Some of the storyboard sketches that Gemini Enterprise created, helping us quickly iterate on our ideas.
When it came time to storyboard, we turned to Nano Banana 2 for image generation. Instead of spending weeks sketching out scenes, the team could generate hyper-realistic concept art in seconds.
This allowed a large team of artists to ideate, prototype, and deliver finished assets across skill sets, film scenes, and time zones. The visual transition from a 1998 garage to a glowing, futuristic AI data center presented a particular creative opportunity to experiment with the latest in Veo technology and deliver a dynamic “wow” moment to open the show that wouldn’t just bring Google’s story to life but also make the technology itself come alive.

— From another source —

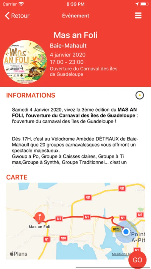 - Locate the events with the route from your position,
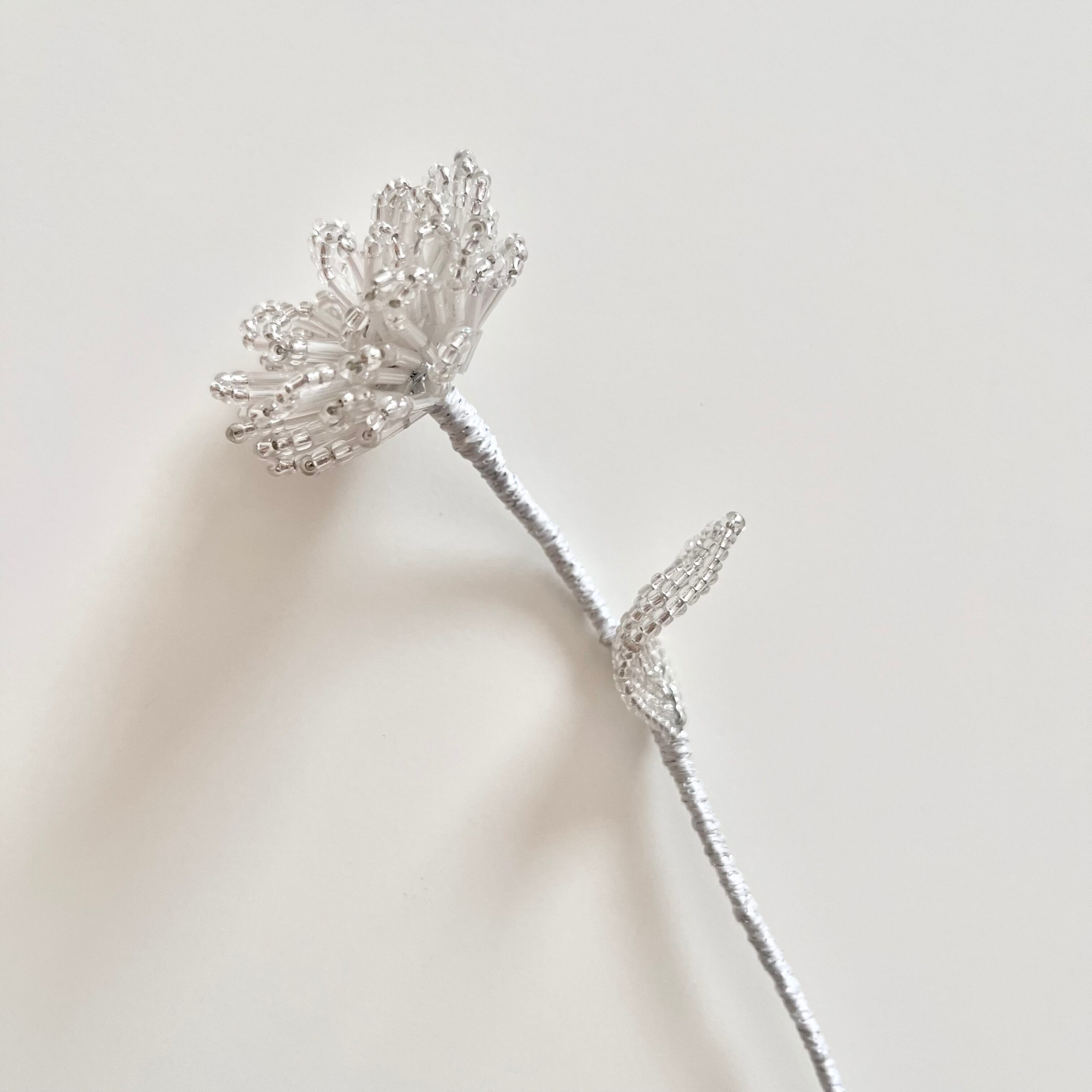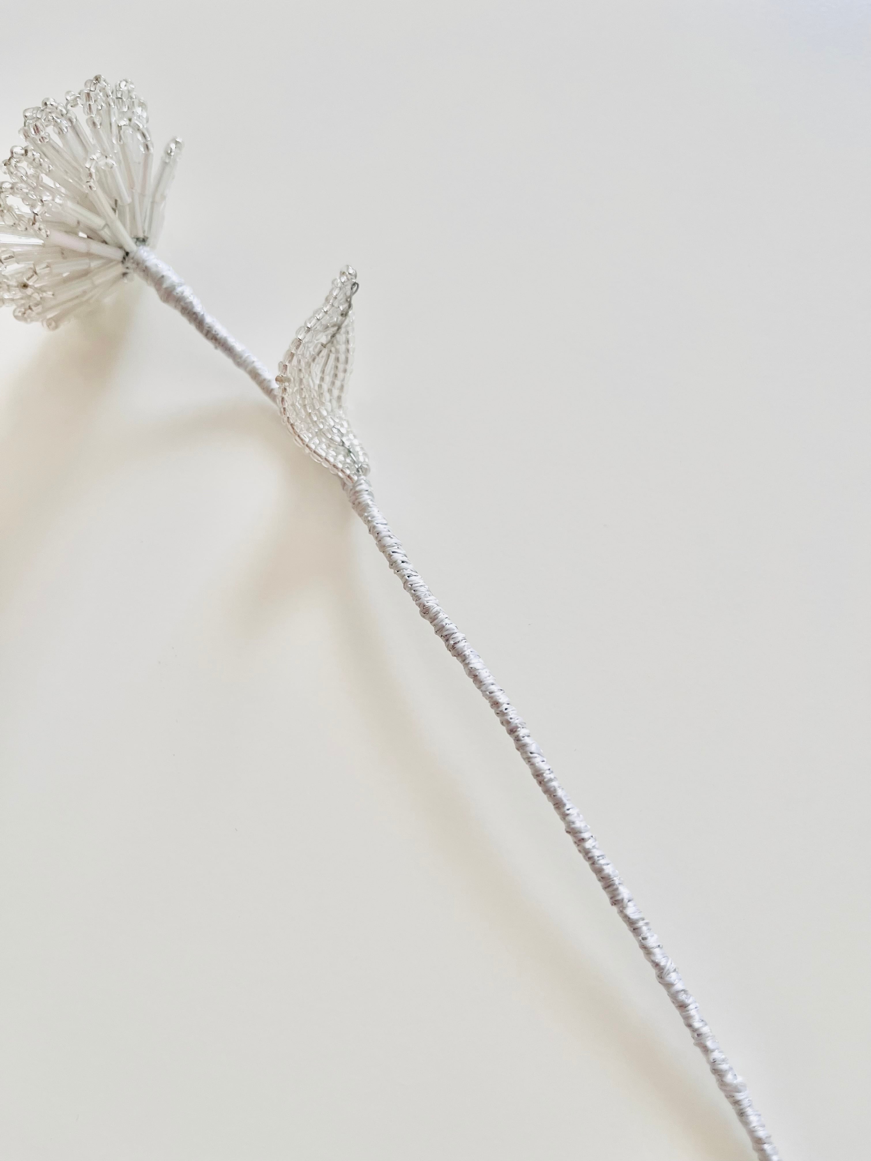 このwhite&silver ビーズフラワーは、花、葉っぱ、茎がすべて白とシルバーカラーで統一され、シンプルながらもエレガントな印象を与えます。どんな空間にも溶け込み、上品な雰囲気を漂わせてくれるため、リビングや寝室、オフィスなど様々な場所でご使用いただけます。

Here is an example of a prompt our team used to lock in the opening shot:
A medium-wide shot of an open-bay, light beige garage with a flat trimmed roof. The garage interior, illuminated by warm golden hour sunlight from the right, reveals a creative home studio featuring a ping-pong table and an old CRT monitor on the left, and walls covered in framed art, tech posters, and a detailed whiteboard. The right side has an acoustic guitar, a white PC tower, an audio amp, a huge LEGO tower, and a tall white cabinet.
Nano Banana 2 also helped the team establish a consistent visual language that would guide the rest of the production.
Generating the final cut with Veo 3.1
Once the storyboards were locked, we moved into production using Veo 3.1, our most advanced video generation model.
Traditional production for a CGI-heavy, era-spanning music video of this caliber would typically take months of rendering, animating, and editing. With Veo 3.1, we flattened the production cycle significantly. Then, using Nodey — Magnopus’s unified production canvas built on Gemini Enterprise Agent Platform — the team was able to guide camera movements, transitions, and the evolution of the environment.


With the help of AI, we could quickly identify images to represent dozens of our customers to feature.
Here is the prompt we used to create the climactic transition into the AI era:
Stop-motion animation with high-detail cardboard textures. The sedan enters from screen left and travels exclusively toward screen right. The car performs an abrupt, high-inertia stop. The rear wheels lift into the air briefly due to momentum before slamming back down. The trunk hatch opens naturally. The colorful server tower hops out from the trunk and lands perfectly upright.
From the initial concept in the Agent Platform to the final, high-definition render, we delivered this opening video in record time.
Putting Google’s research into action
To push the creative boundaries of the keynote video, we leaned into our close partnership with Google DeepMind.
We utilized GDM's world model, Genie 3, to generate dynamic, interactive environments inspired by our customers' ideas, as explored in concepts like the "Genie Carpet" and "Awaken Dreams" experiences for Google Cloud Next.




A place to rev up our dreams...
Furthermore, to achieve the highest visual fidelity, we successfully leveraged an experimental super-resolution (dubbed "superes") model from GDM's internal research, pushing the final video outputs all the way to a stunning 11k resolution.
What Will You Build Next?
The opening film is a celebration of the journey we’ve all been on. We went from a single server rack built out of Lego bricks to a globally distributed cloud architecture that empowers millions of developers, creators, and enterprises.
The barrier to entry for world-changing innovation has never been lower. By giving customers access to the same TPUs, agentic platforms, and generative models that power Google, we aren't just giving you a set of tools — we're hoping everyone feels they have a bigger garage to build from. We can’t wait to see what you build in it.